WORK TASK: Pull out every line below containing the word "UNHCR".

Saved entries
□ □ □

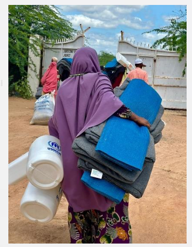
A refugee woman collects core relief items during a distribution by UNHCR, supporting flood-affected families in Dadaab.

UNHCR currently supports 382,658 refugees and asylum seekers across three refugee camps and the Ifo 2 settlement.
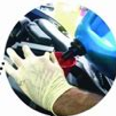
Low on oil
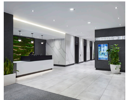
Interior Lobby View
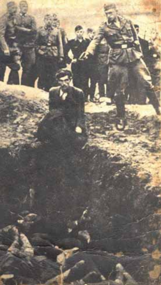
Vinnitza, Ukraine, German soldiers watching an Einsatzgruppen soldier murder a Jew, July 1941

in attacking and almost destroying the Jewish population, not only of Germany but of most of Europe, will raise awareness about the roles and responsibilities of the State, of individuals and of society as a whole in the face of increasing human rights violations. An examination of the actions of German doctors and nurses in the so-called "Operation T4" euthanasia program of Nazi Germany (which led to the killing of more than 200,000 mentally or physically disabled men, women, and children over six years) is another example. Likewise, the participation of regular German soldiers in the killing of over one million Jews as part of the work of the Einsatzgruppen (special killing squads) in the eastern parts of Europe, leads to questioning human behaviour, conformism and the power of ideologies; in short, the adhesion of a society to a government undertaking actions that violate internationally recognized human rights. Educating about the Holocaust can help young people to understand key concepts that will be useful when studying other examples of mass violence. When pupils explore the history of other massive human rights violations, they will be able to draw on their understanding of the Holocaust and become more aware of their own responsibilities as global citizens.
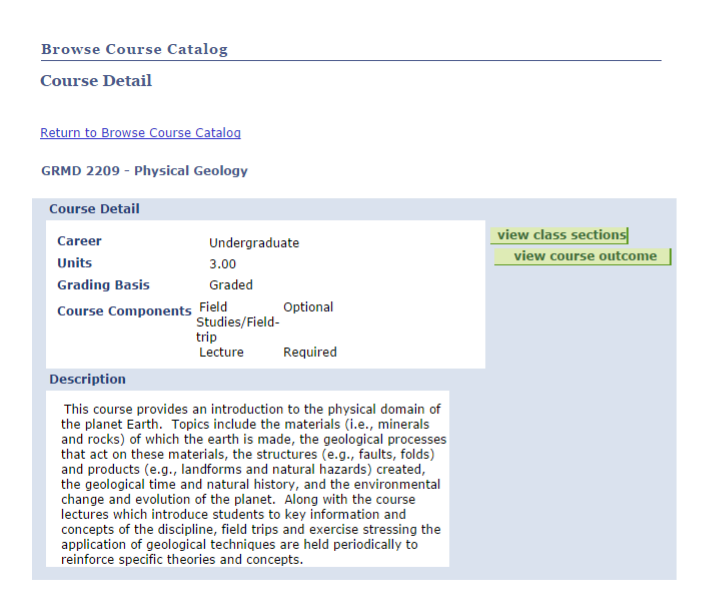
Figure 8: Browse Course Catalog - Course Information
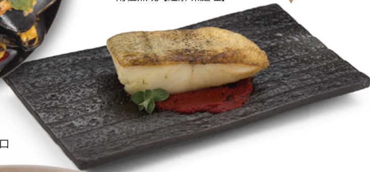
Glacier 51 Australian Patagonian Toothfish Fish Slice [Previously Frozen] Glacier 51 澳洲 G51 小鱗犬牙 南極魚塊 [經解凍處理]
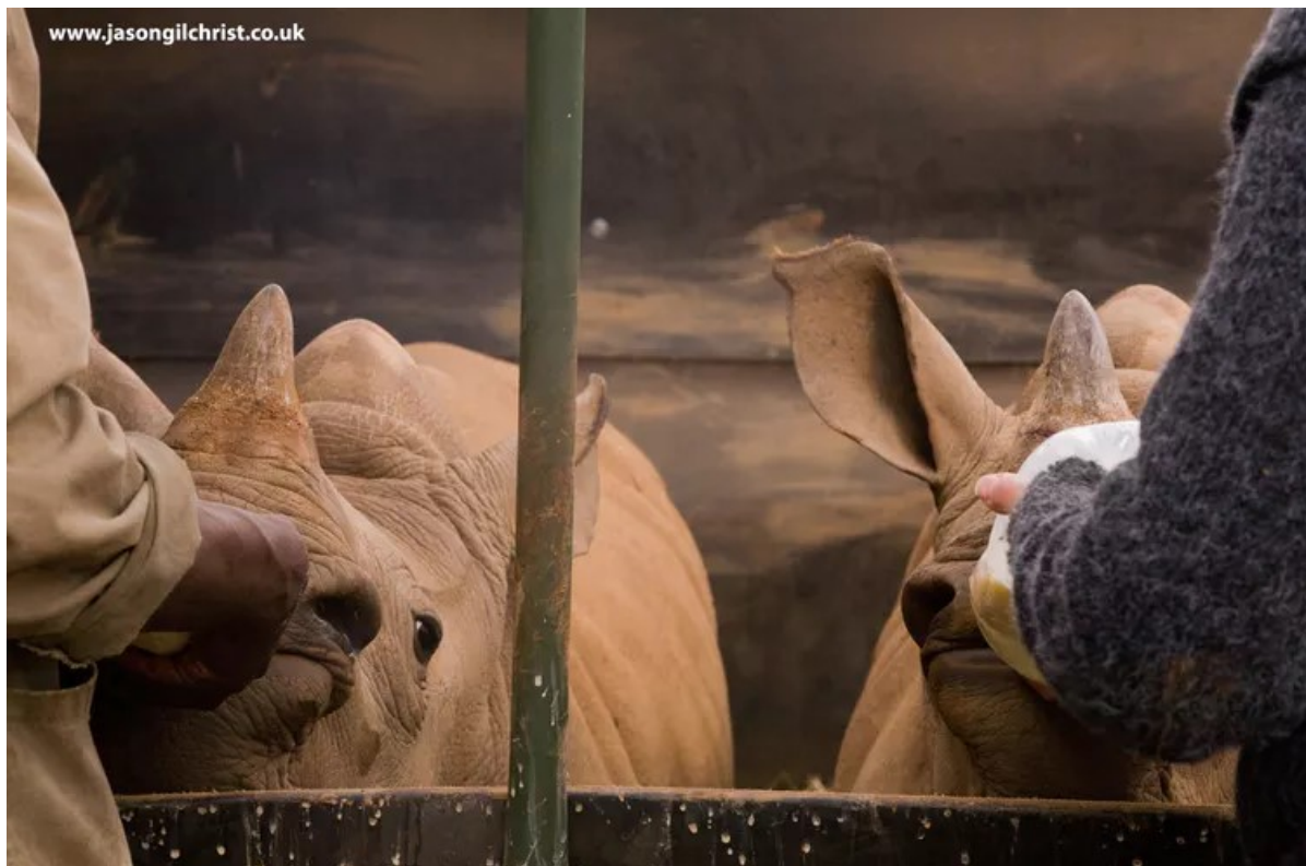
Hand rearing orphaned baby southern white rhino, South Africa.

The importance of Sudan’s actual death remains unclear, partly because it seems increasingly possible to bring his subspecies back to life. The northern white rhino may be resurrected by Jurassic Park-style technology. That would require conservationists to collect eggs from the remaining females and develop IVF techniques that are as yet unproven on rhino.
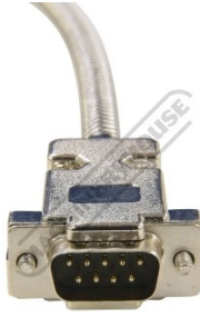
DSub9 Male Plug
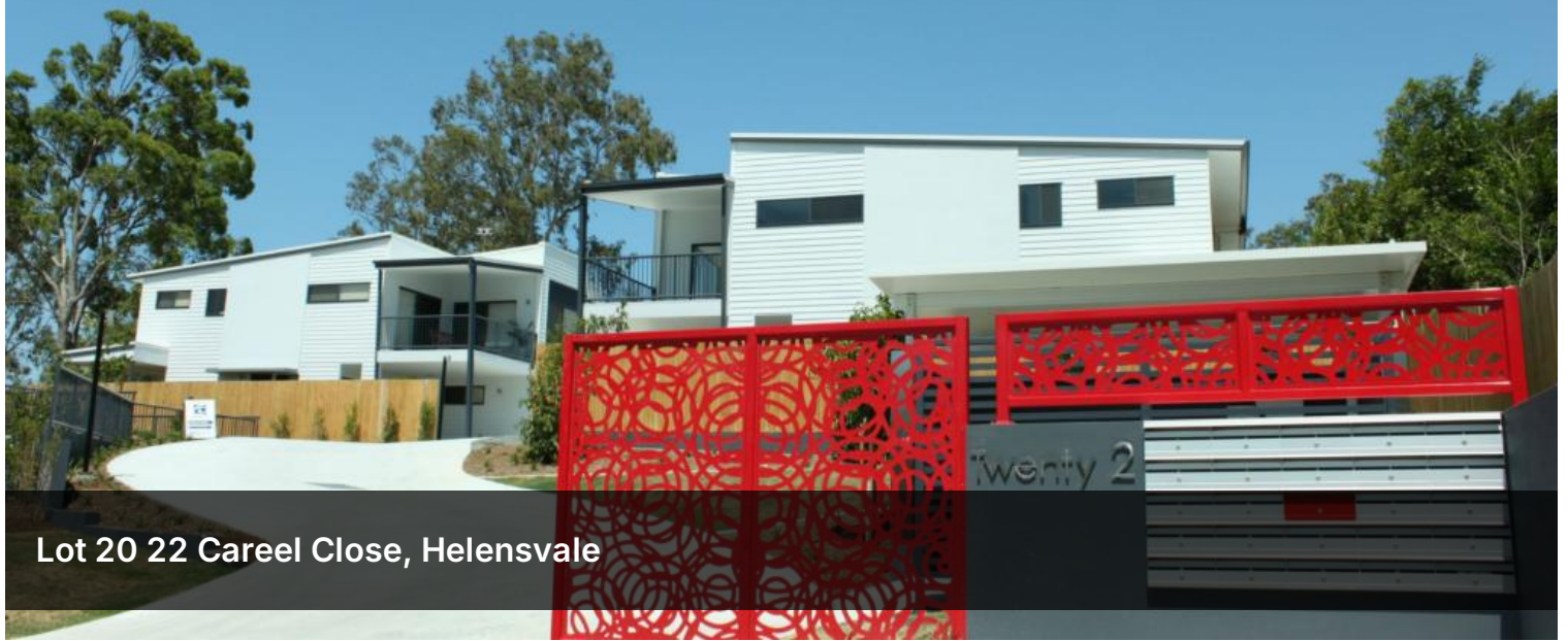
Lot 20 22 Careel Close, Helensvale
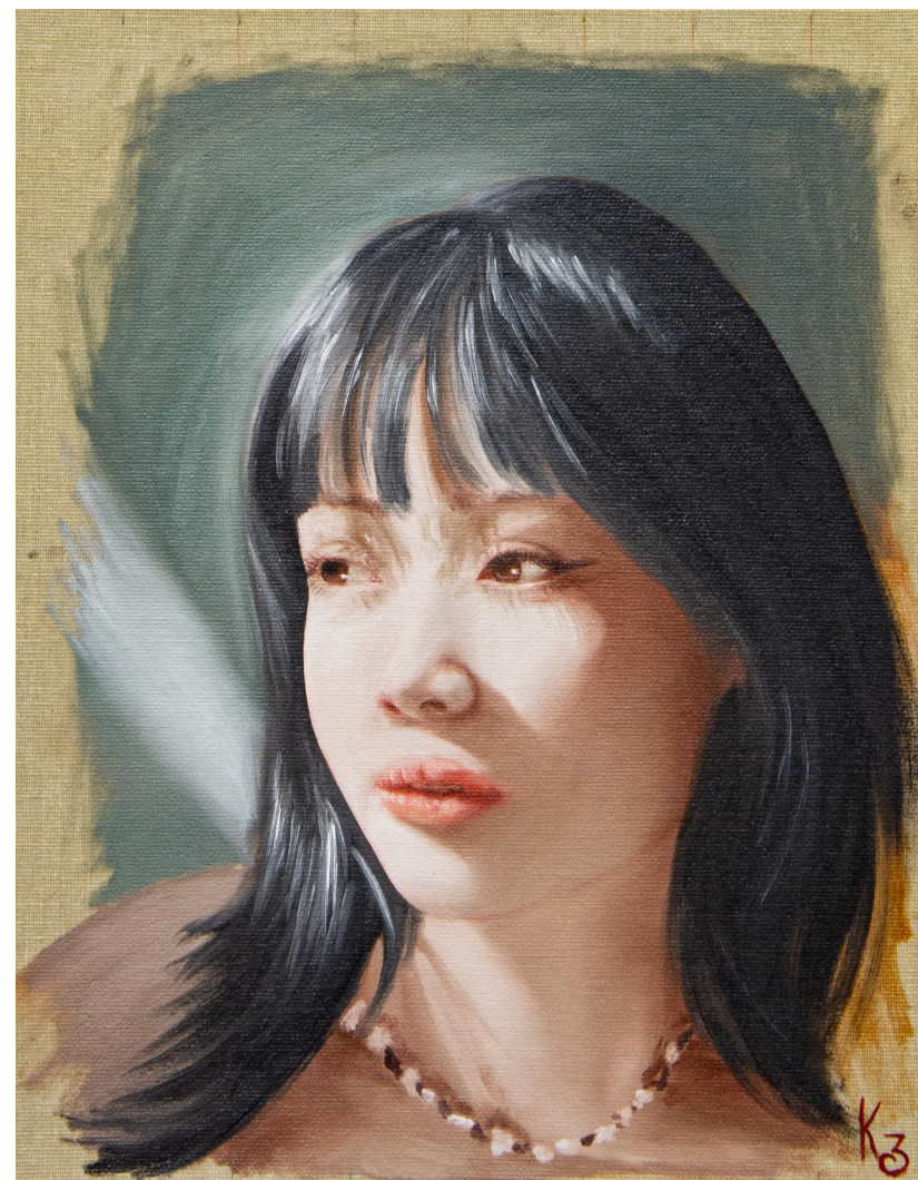
Nami, oil painting on panel, 24x30 cm, 2024
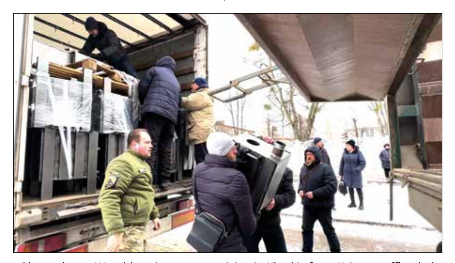
Photo above: Wood-burning stoves arriving in Kharkiv from Kyiv, are offloaded to other trucks for delivery. The stoves are also picked up from this loading dock with domestic vehicles.
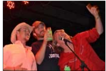
↳ T-Birds Garage Pub Main Stage - 11:30 PM ↳ Eleven Hundred Springs who played after the music ended on the main stage and they packed the house and the dance floor
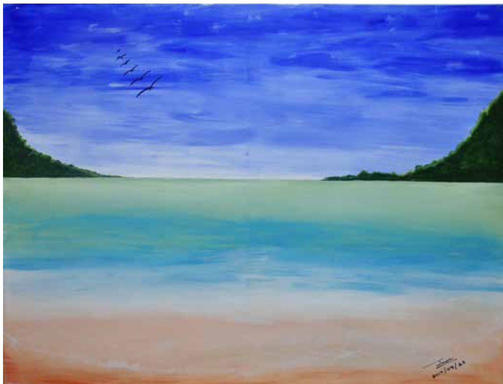
Blue Ocean , T.D.S. Gayaan Priyangana, Oil on Canvas, 35" x 47"
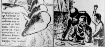
As Bell Laboratories tests and Xerox reproduced their a similar tube could be built from existing parts of American tubes except for a special grid and socket.
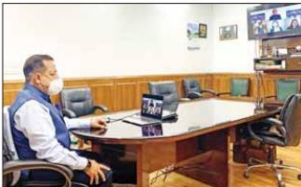
Union Minister Dr Jitendra Singh addressing online inaugural programme of the new batch of IIM Jammu, on Thursday.

Jammu, Dr Jitendra Singh recalled that in the last six years, Jammu has received six to seven academic institutes of national importance, in addition to nearly ten more centrally funded education institutions. The academic institutions of national importance allocated to Jammu Division include the Indian Institute of Management (IIM), Indian Institute of Technology (IIT), All India Institute of Medical Sciences (AIIMS), first-ever National Institute of High-altitude Medicine and North India's first Biotech Industrial Park cum Research Institution. Even though the Indian Institute of Mass Communication (IIMC) had started its regional centre around 2012-13 but the setting up of a permanent campus was undertaken under the present government and similarly the Indian Institute of Integrated Medicines (IIIM) was given a big boost by this govt with international collaboration projects.

□ □ □

TASK ANSWER:
A refugee woman collects core relief items during a distribution by UNHCR, supporting flood-affected families in Dadaab.
UNHCR currently supports 382,658 refugees and asylum seekers across three refugee camps and the Ifo 2 settlement.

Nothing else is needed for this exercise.